C’est un projet de réforme de la Pac pour le moins surprenant qu’a rendu France Stratégie le 23 octobre, moins de quinze jours après que le ministère de l’Agriculture a débuté la consultation sur le plan stratégique de la France.
L’avenir de la Pac pourrait-il être en train de s’écrire dans les bureaux modernes et impersonnels de France Stratégie, plutôt que sous les ors de la Rue de Varenne ? Rien n’est moins sûr, mais comment l’exclure ? Dans un rapport présenté le 23 octobre, France Stratégie, organisme placé sous l’autorité du Premier ministre, dessine une Politique agricole commune archi-simplifiée, articulée autour de deux propositions phares. La première : une distribution des aides du premier pilier par « unité de travail agricole », et non plus à l’hectare comme aujourd’hui.
Accélérer la transition écologique
La seconde consiste en un système de bonus-malus visant à « encourager les bonnes pratiques agricoles ». Le malus consisterait en des taxes sur les intrants (phytosanitaires, engrais, médicaments vétérinaires) et sur les émissions de gaz à effet de serre. Les sommes récoltées permettraient de financer des bonus alloués au maintien des prairies permanentes, à la diversification des cultures et aux SIE (Surfaces d’intérêt écologique).
Le principe de la Pac version France Stratégie est limpide : pousser les agriculteurs à accélérer la transition écologique sous peine de voir leurs subventions se réduire. Des propositions à l’impact encore incertain, mais qui feront probablement rebondir le débat sur la répartition des aides européennes. Car passer d’un paiement à la surface à un paiement à l’actif constituerait une petite révolution dans l’histoire de la Politique agricole commune. Concrètement, France Stratégie veut revoir la clé de répartition de l’ensemble des aides du premier pilier actuel (DPB et paiement vert, soit 5,7 Md € pour la France). Ce nouveau paiement pourrait atteindre en moyenne 8 000 € pour chacun des 711 000 exploitants et salariés de la ferme France, avec l’hypothèse d’un budget de la Pac constant.
Des avis partagés
Dans un communiqué du 25 octobre, la Confédération paysanne accueille positivement ce récent rapport. Elle appuie en particulier les propositions de remplacer les aides à l’hectare en aides à l’actif, et les contrats de transition sur sept ans, et la taxation des pesticides, engrais et antibiotiques. Elle dénonce en revanche le « peu d’ambition » sur la régulation des marchés. Même enthousiasme chez les Amis de la terre, mais uniquement sur le système de bonus-malus. L’avis est « plutôt mitigé » du côté des Jeunes Agriculteurs, qu’il s’agisse du bonus-malus ou de l’aide à l’actif. « Il faut prendre nos distances avec l’aide à l’hectare, car ce n’est pas structurant, explique Julien Caillard, responsable Pac pour les JA. Mais il ne faut pas en faire seulement une aide à l’actif ; il faut notamment que cela soit accompagné d’un projet. Et puis il faut s’entendre sur une définition de l’actif ». La FNSEA n’a pas souhaité « faire de commentaires ». Quant à la Coordination rurale, elle se dit « dubitative » et évoque « un rapport sur le dos de l’agriculture, mais pas pour l’agriculture », estime le président du syndicat Bernard Lannes.

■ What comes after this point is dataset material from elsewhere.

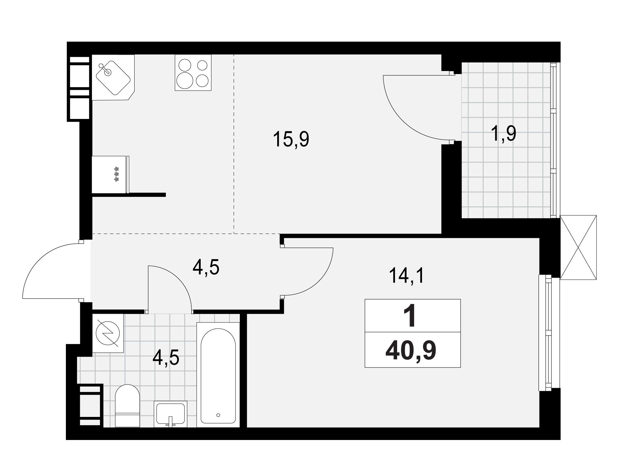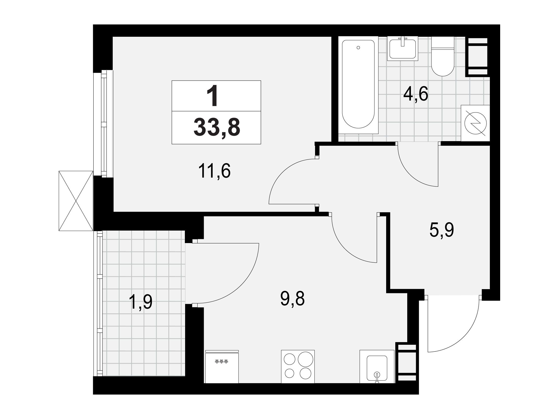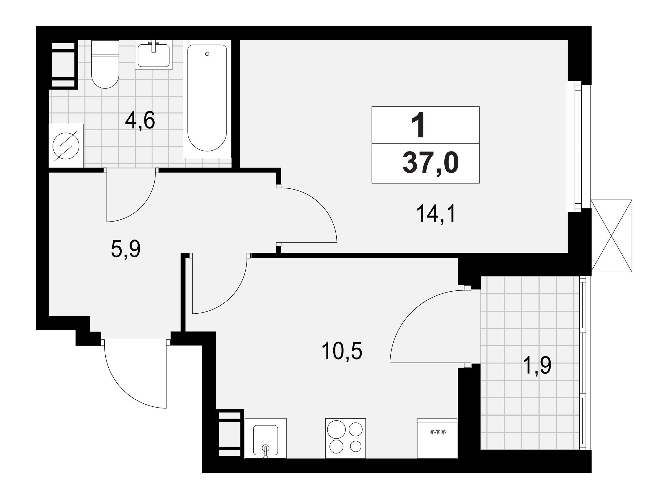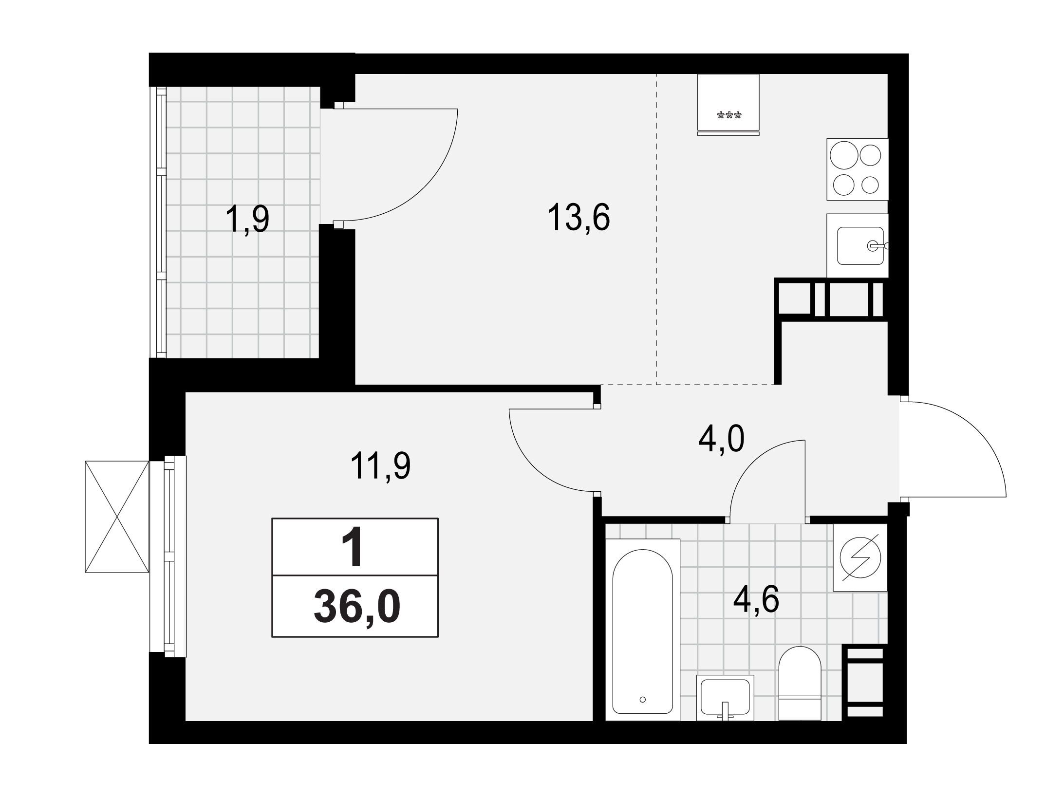 1-комнатная, 36.90 м²
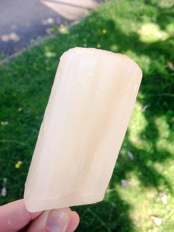 Banana milkshake: (Ingredients: banana, milk, cream, honey and lemon juice). The lolly is really creamy due to the inclusion of both milk and cream and this really helps it feel like an authentic banana milkshake. It also tastes quite similar to frozen yoghurt. The banana tastes fresh and has a mixture of textures, and is soft like a smoothie. It is light and dark yellow in patches from the bananas in the lolly.

Des propositions loin d’être reprises systématiquement
Interrogé par Agra Presse le 23 octobre, le cabinet du ministre de l’Agriculture estime que le rapport est « une contribution comme une autre à la consultation lancée il y a quinze jours. Elle ne représente pas l’avis de Matignon. Nous allons l’intégrer à nos réflexions. » Une manière, peut-être, de minimiser la portée de ce travail qui ne cadre pas tout à fait avec les orientations de la Rue de Varenne.